Cache aware load-balancing

[RFC PATCH v4 07/28] sched: Add helper function to decide whether to allow cache aware scheduling

Posted by Chen Yu 1 month, 3 weeks ago

From: Tim Chen <tim.c.chen@linux.intel.com>

Cache-aware scheduling is designed to aggregate threads into their
preferred LLC, either via the task wake up path or the load balancing
path. One side effect is that when the preferred LLC is saturated,
more threads will continue to be stacked on it, degrading the workload's
latency. A strategy is needed to prevent this aggregation from going too
far such that the preferred LLC is too overloaded.

Introduce helper function _get_migrate_hint() to implement the
LLC migration policy:

1) A task is aggregated to its preferred LLC if both source/dest LLC
   are not too busy (<50% utilization, tunable), or the preferred
   LLC will not be too out of balanced from the non preferred LLC
   (>20% utilization, tunable, close to imbalance_pct of the LLC
   domain).
2) Allow a task to be moved from the preferred LLC to the
   non-preferred one if the non-preferred LLC will not be too out
   of balanced from the preferred prompting an aggregation task
   migration later.  We are still experimenting with the aggregation
   and migration policy. Some other possibilities are policy based
   on LLC's load or average number of tasks running.  Those could
   be tried out by tweaking _get_migrate_hint().

The function _get_migrate_hint() returns migration suggestions for
the upper-level functions.

Aggregation will tend to make utilization on the preferred LLC to
be more than the non-preferred one. Parameter "sysctl_llc_aggr_imb"
is the imbalance allowed. If it is set to 0, as long as the preferred
LLC is not utilized more than the source LLC, we could still aggregate
towards the preferred LLC and a preference could still be there.

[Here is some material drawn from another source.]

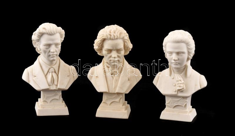 Mozart, Chopin, Beethoven büsztök, 3 db alabástrom, jelzettek (A. Gian...
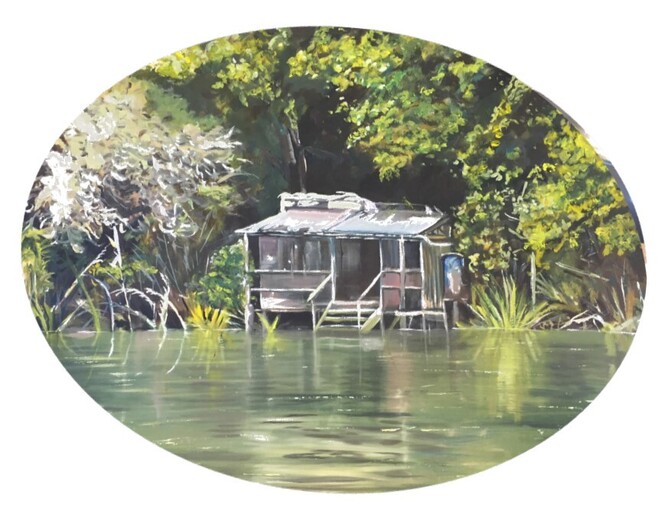 First seen in the Welcome Swallow Gallery Exhibition in late 2020, Kirsten McIntosh's evocative New Zealand scene, Mai Mai at Rotoehu has been purchased by an Italian collector. This serene composition is also featured in the Welcome Swallow Gallery 2022 Calendar, for the month of August.

Co-developed-by: Chen Yu <yu.c.chen@intel.com>
Signed-off-by: Chen Yu <yu.c.chen@intel.com>
Signed-off-by: Tim Chen <tim.c.chen@linux.intel.com>
---
 kernel/sched/debug.c |   4 ++
 kernel/sched/fair.c  | 110 ++++++++++++++++++++++++++++++++++++++++++-
 kernel/sched/sched.h |   5 ++
 3 files changed, 118 insertions(+), 1 deletion(-)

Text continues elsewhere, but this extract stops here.